KR100846588B1 - Apparatus for driving electrophoretic display comprising organic thin film transistor - Google Patents

Abstract

The present invention discloses an electrophoretic display device comprising an organic thin film transistor (OTFT). The disclosed electrophoretic display device includes an electrophoretic light emitting device that emits light in response to an applied data signal, an organic thin film transistor that switches a data signal to the electrophoretic light emitting device, and a data signal of the organic thin film transistor. A capacitor for storing a voltage, and a leakage current blocking unit connected to the organic thin film transistor, the capacitor, and the electrophoretic light emitting device, and configured to block a current leaking from the capacitor when the organic thin film transistor is turned off.

Description

Electrophoretic display comprising an organic thin film transistor {Apparatus for driving electrophoretic display comprising organic thin film transistor}

1 is a circuit diagram illustrating a unit pixel of a conventional electrophoretic display.

2a to 2c are views for explaining the principle of the electrophoretic light emitting device of FIG.

3 is a circuit diagram illustrating an electrophoretic display unit pixel including an organic thin film transistor according to an exemplary embodiment of the present invention.

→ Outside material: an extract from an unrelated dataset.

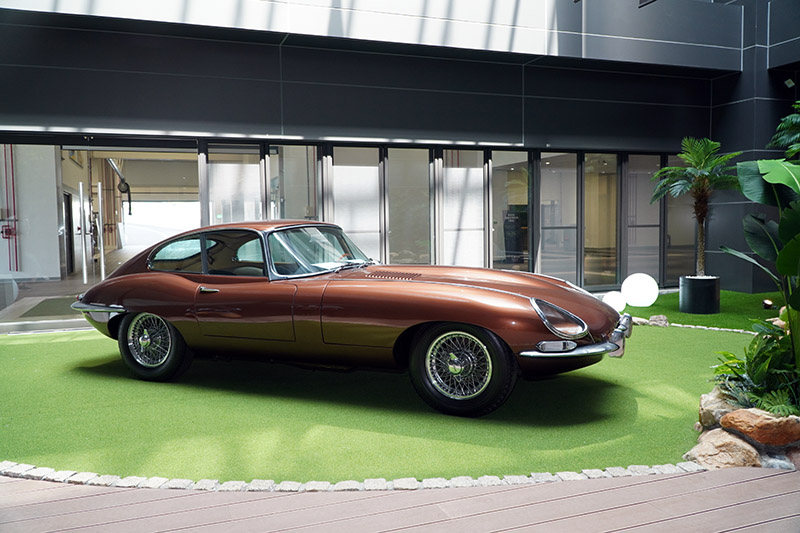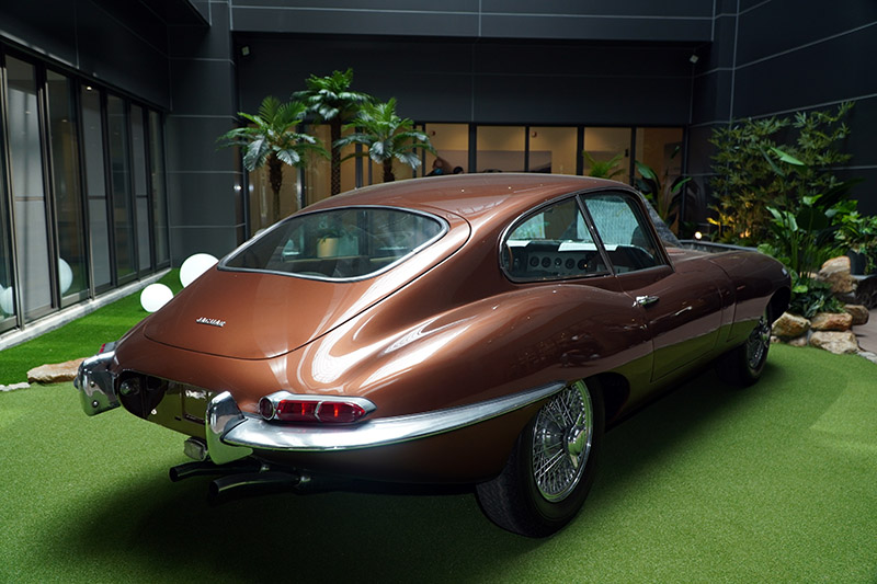 建物擁有全台唯一天井設計,開幕當天特與收藏家商借經典名車E-Type展示。

4 is a circuit diagram illustrating an electrophoretic display device including an organic thin film transistor according to an exemplary embodiment of the present invention.

** Brief description of symbols for the main parts of the drawing **

50: driver 60: scan driver

70: data driver 100: pixel portion

150: module pixel

BACKGROUND OF THE INVENTION 1. Field of the Invention The present invention relates to an electrophoretic display, and more particularly, to an apparatus for driving an electrophoretic display having an organic thin film transistor (OTFT).

FIG. 1 is a circuit diagram illustrating a unit pixel of a conventional electrophoretic display (EPD) driving device as a flexible display device.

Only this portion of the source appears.